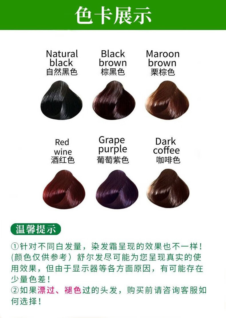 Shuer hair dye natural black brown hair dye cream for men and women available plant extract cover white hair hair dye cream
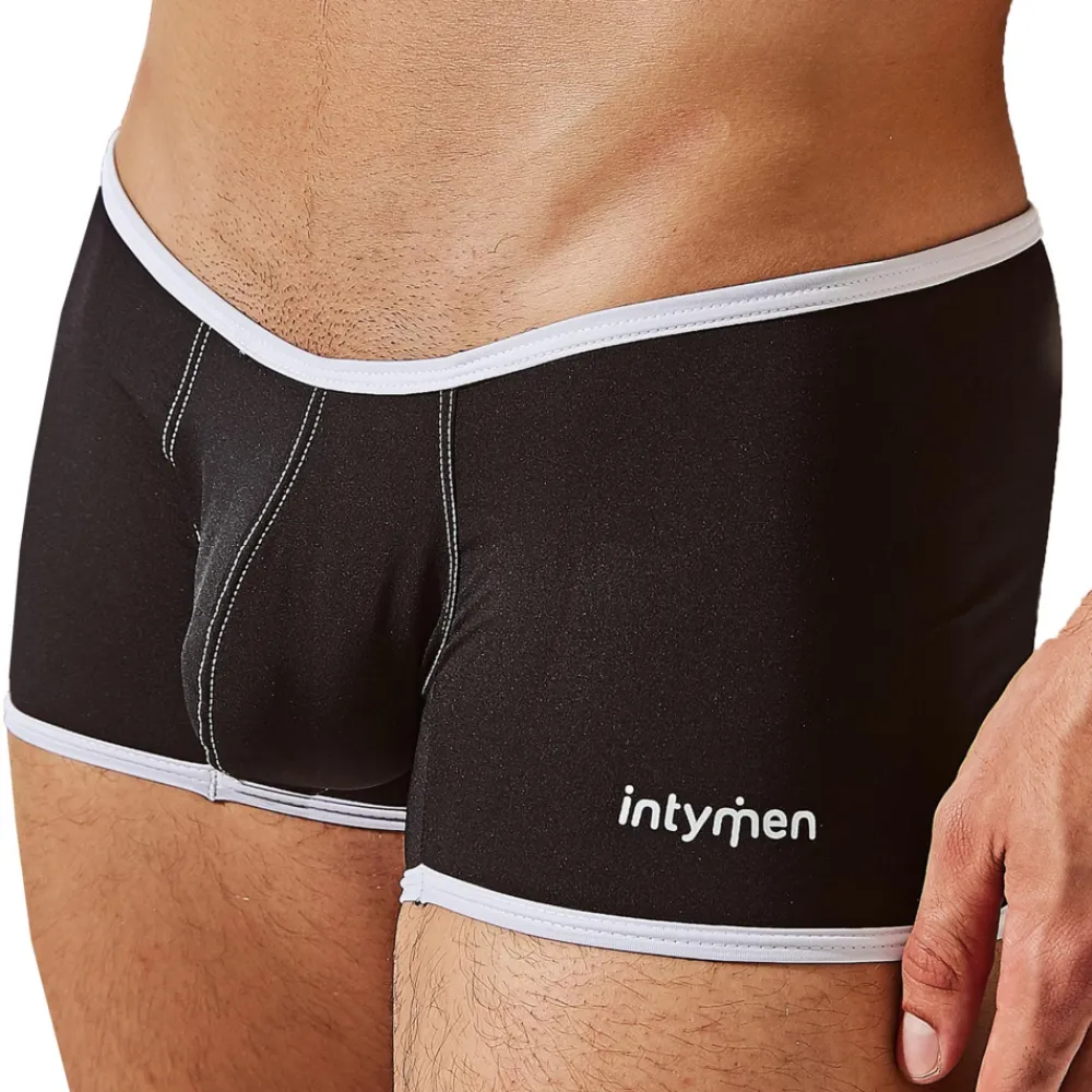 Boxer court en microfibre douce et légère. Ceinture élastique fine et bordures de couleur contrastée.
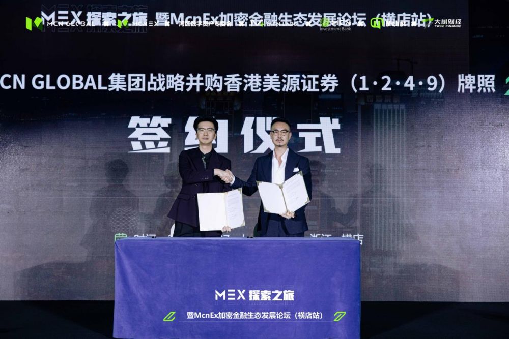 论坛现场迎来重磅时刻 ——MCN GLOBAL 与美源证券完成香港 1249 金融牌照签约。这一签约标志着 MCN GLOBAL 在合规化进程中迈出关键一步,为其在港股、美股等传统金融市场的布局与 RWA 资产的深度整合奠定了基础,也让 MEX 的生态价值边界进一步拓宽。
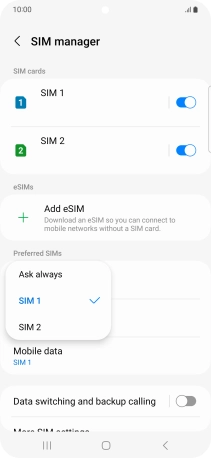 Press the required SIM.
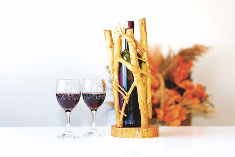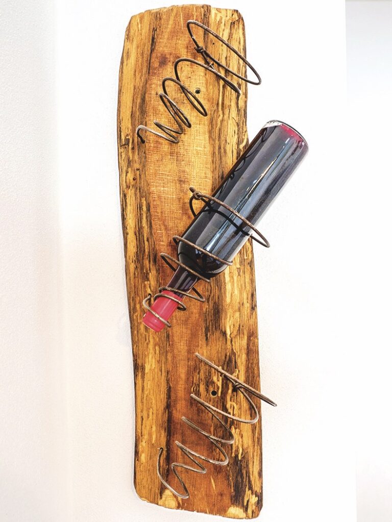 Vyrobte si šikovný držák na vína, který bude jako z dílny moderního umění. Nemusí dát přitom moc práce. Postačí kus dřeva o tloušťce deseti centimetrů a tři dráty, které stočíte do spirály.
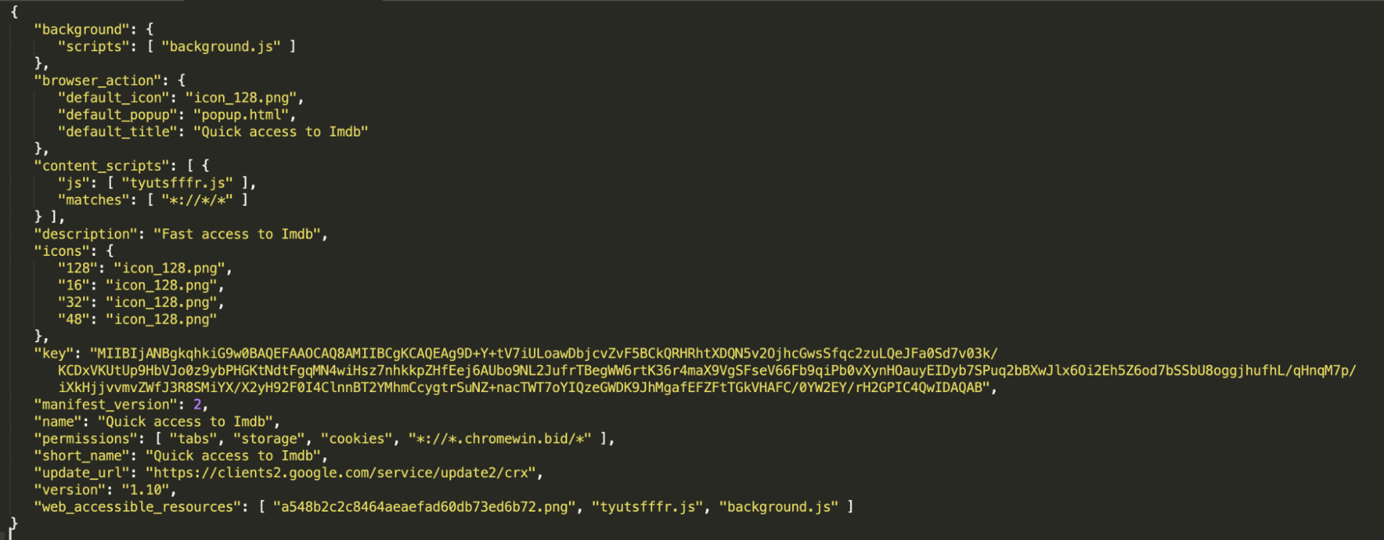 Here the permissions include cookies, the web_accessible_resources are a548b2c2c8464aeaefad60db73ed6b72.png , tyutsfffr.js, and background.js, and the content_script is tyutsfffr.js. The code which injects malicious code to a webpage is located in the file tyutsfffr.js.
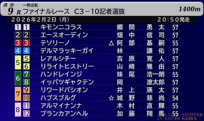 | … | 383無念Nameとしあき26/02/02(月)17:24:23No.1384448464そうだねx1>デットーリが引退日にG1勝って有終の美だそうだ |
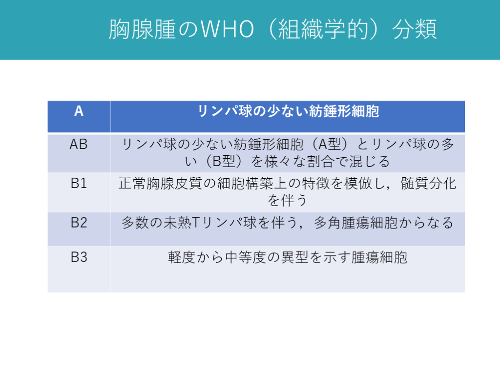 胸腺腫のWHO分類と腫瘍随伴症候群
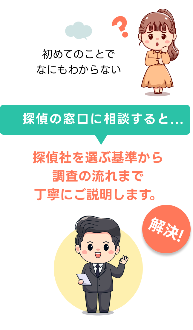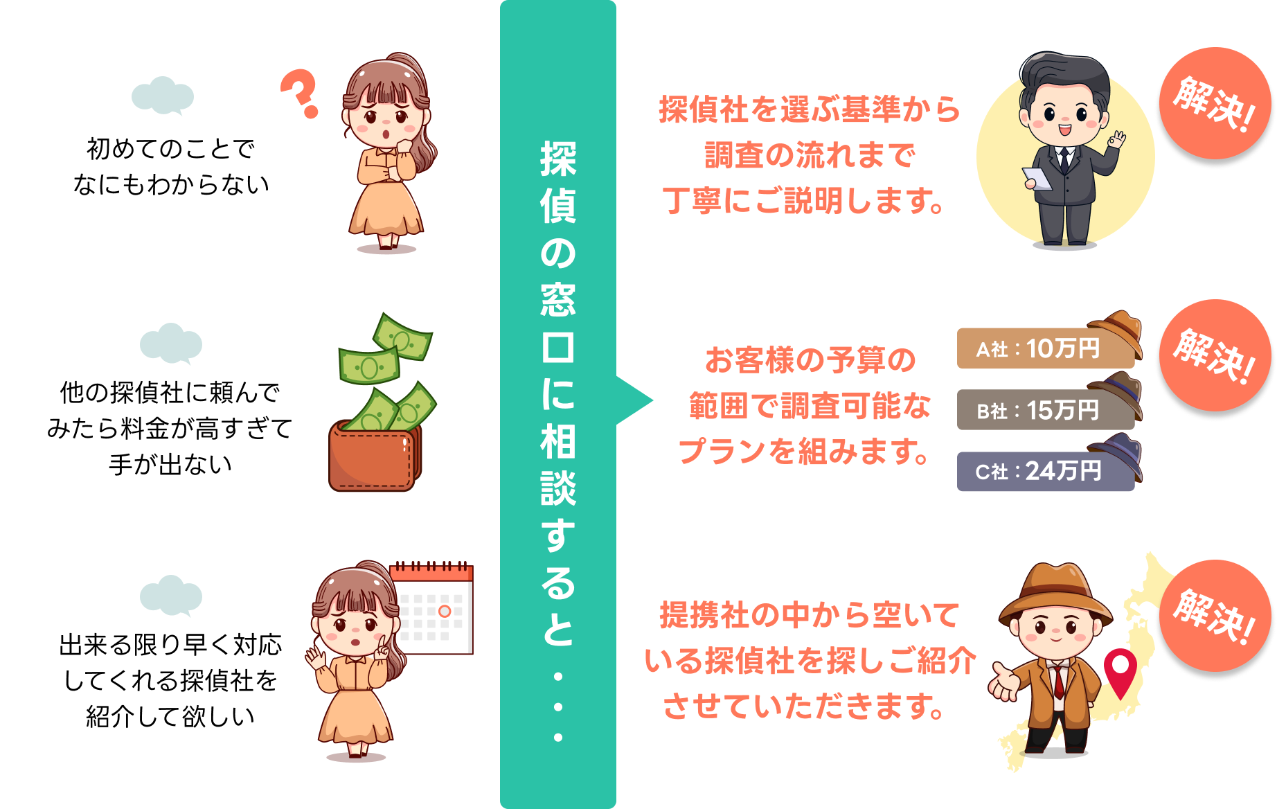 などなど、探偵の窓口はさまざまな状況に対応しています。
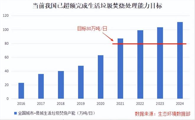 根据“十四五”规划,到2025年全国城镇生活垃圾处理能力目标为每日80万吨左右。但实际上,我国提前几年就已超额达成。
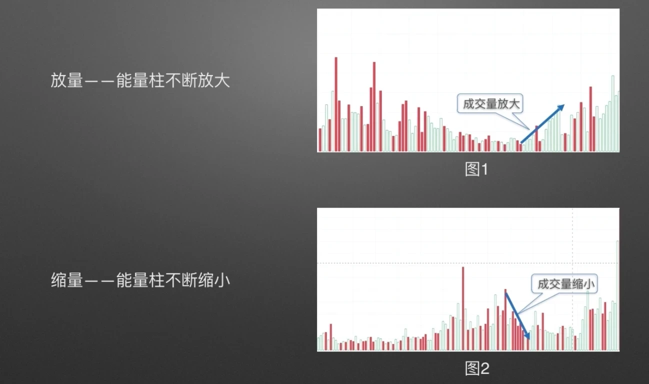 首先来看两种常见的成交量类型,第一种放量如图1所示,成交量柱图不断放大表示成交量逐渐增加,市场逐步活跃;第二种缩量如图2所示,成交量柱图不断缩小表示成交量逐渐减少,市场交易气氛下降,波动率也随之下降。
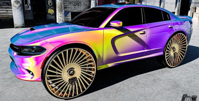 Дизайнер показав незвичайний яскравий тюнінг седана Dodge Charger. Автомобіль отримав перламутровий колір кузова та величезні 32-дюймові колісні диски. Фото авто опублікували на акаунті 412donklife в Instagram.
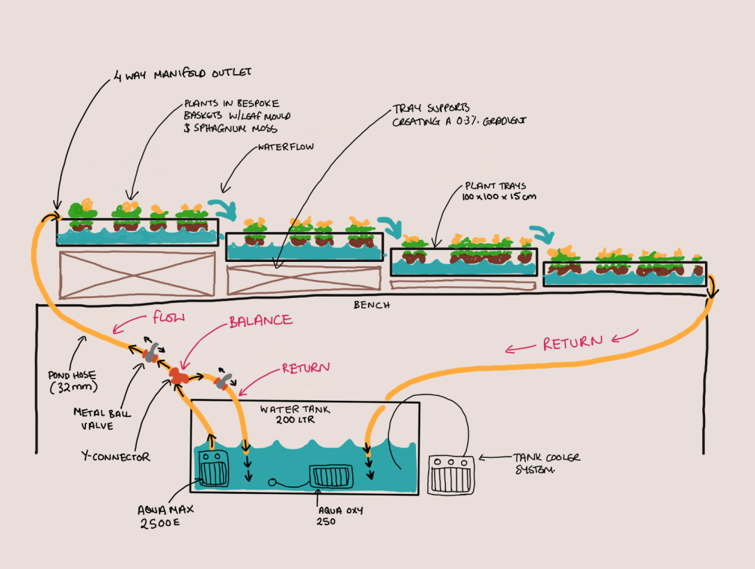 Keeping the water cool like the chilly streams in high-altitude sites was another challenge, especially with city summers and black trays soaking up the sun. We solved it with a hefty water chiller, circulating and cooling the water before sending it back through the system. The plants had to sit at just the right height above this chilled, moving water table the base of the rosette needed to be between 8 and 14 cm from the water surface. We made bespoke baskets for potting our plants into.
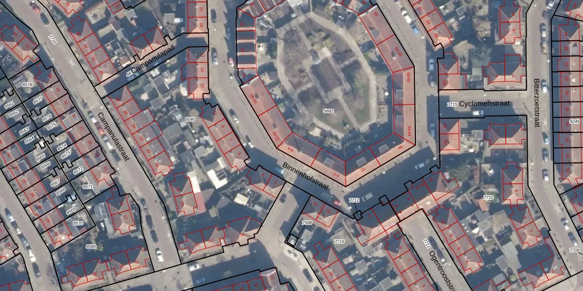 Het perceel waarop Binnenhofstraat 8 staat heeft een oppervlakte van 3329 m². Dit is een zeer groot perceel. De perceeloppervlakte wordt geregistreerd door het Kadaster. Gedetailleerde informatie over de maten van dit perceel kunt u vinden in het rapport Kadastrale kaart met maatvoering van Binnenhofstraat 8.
------
## Task item
Output exactly the lines above, from the line with "などなど、探偵の窓口はさまざまな状況に対応しています。" to the line with "首先来看两种常见的成交量类型", both included; skip the pictures.

## Written solution
 などなど、探偵の窓口はさまざまな状況に対応しています。
 根据“十四五”规划,到2025年全国城镇生活垃圾处理能力目标为每日80万吨左右。但实际上,我国提前几年就已超额达成。
 首先来看两种常见的成交量类型,第一种放量如图1所示,成交量柱图不断放大表示成交量逐渐增加,市场逐步活跃;第二种缩量如图2所示,成交量柱图不断缩小表示成交量逐渐减少,市场交易气氛下降,波动率也随之下降。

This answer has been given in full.